Ketika seseorang memendam rasa hasad, otak akan meresponsnya sebagai sebuah ancaman (threat). Bagian otak yang bernama amigdala, yang mengatur emosi dan respons rasa takut, akan menjadi sangat aktif. Hal ini memicu pelepasan hormon stres secara terus-menerus, yang pada akhirnya dapat memengaruhi keseimbangan kimiawi di otak. Oleh karena itu, rasa iri yang dibiarkan berlarut-larut tidak hanya merusak hubungan sosial, tetapi juga menggerogoti kesehatan mental dan fisik secara perlahan.
Dampak Buruk Sifat Iri bagi Kesehatan Fisik dan Mental
Meskipun iri hati atau hasad bukan merupakan diagnosis penyakit mental yang berdiri sendiri dalam panduan psikiatri seperti DSM-5, emosi negatif yang kronis ini sangat erat kaitannya dengan penurunan kualitas kesehatan. Berikut adalah beberapa dampak buruk penyakit hasad jika dilihat dari kacamata medis:
1. Peningkatan Hormon Stres (Kortisol)
Saat kamu merasa iri atau dengki, tubuhmu berada dalam mode fight-or-flight. Hal ini menyebabkan kelenjar adrenal memproduksi hormon kortisol dan adrenalin dalam jumlah yang berlebihan. Kadar kortisol yang tinggi secara terus-menerus dapat menekan sistem kekebalan tubuh, membuatmu lebih mudah terserang penyakit infeksi seperti flu atau radang.
2. Gangguan Psikosomatis
Penyakit hasad sangat rentan memicu gangguan psikosomatis, yaitu keluhan fisik yang disebabkan atau diperparah oleh kondisi psikologis. Orang yang terus-menerus menyimpan rasa dengki sering kali mengeluhkan sakit kepala tegang (tension headache), gangguan pencernaan seperti asam lambung naik (GERD), hingga nyeri otot yang tidak jelas penyebab medisnya. Pikiran yang stres akibat membandingkan diri sendiri dengan orang lain akan langsung bermanifestasi pada organ tubuh.

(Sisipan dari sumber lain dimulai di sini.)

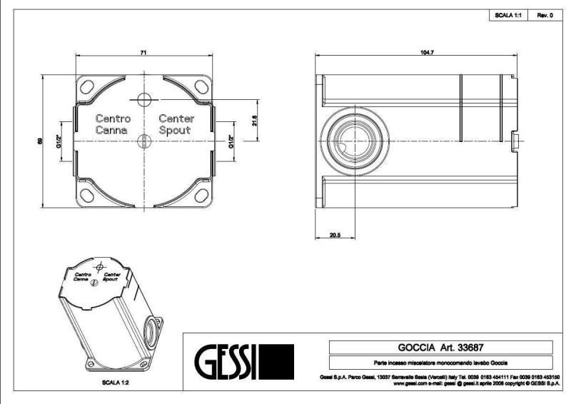 Установка скрытой части обеспечивает минималистичный дизайн и освобождает пространство в ванной комнате. Внутренние компоненты смесителя разработаны с заботой о комфорте и удобстве в эксплуатации. Скрытая часть Gessi Goccia сочетает в себе как эстетические, так и функциональные качества, обеспечивая идеальный поток воды и точную регулировку температуры.

3. Meningkatkan Risiko Depresi dan Gangguan Kecemasan
Rasa iri yang mendalam sering kali berakar pada rendahnya rasa percaya diri (low self-esteem). Jika kamu terus berfokus pada kekurangan diri sendiri dan kelebihan orang lain, risiko untuk mengalami gangguan kecemasan (anxiety) dan depresi akan meningkat drastis. Hasad membuat seseorang kehilangan kemampuan untuk merasa bersyukur dan menikmati hidupnya sendiri.
4. Gangguan Tidur (Insomnia)
Pikiran yang terus berputar memikirkan kesuksesan orang lain sering kali membuat penderita hasad kesulitan untuk tidur nyenyak. Insomnia kronis akibat overthinking ini pada akhirnya akan menurunkan energi, mengganggu konsentrasi, dan memperburuk mood keesokan harinya.
Faktor Pemicu Sifat Iri (Hasad) di Era Modern
- Media Sosial: Terlalu sering melihat highlight kehidupan orang lain di media sosial memicu fenomena FOMO (Fear of Missing Out) dan perbandingan sosial yang tidak sehat.
- Lingkungan Toksik: Berada di lingkungan kerja atau pergaulan yang terlalu kompetitif dan mengukur nilai seseorang hanya dari pencapaian material.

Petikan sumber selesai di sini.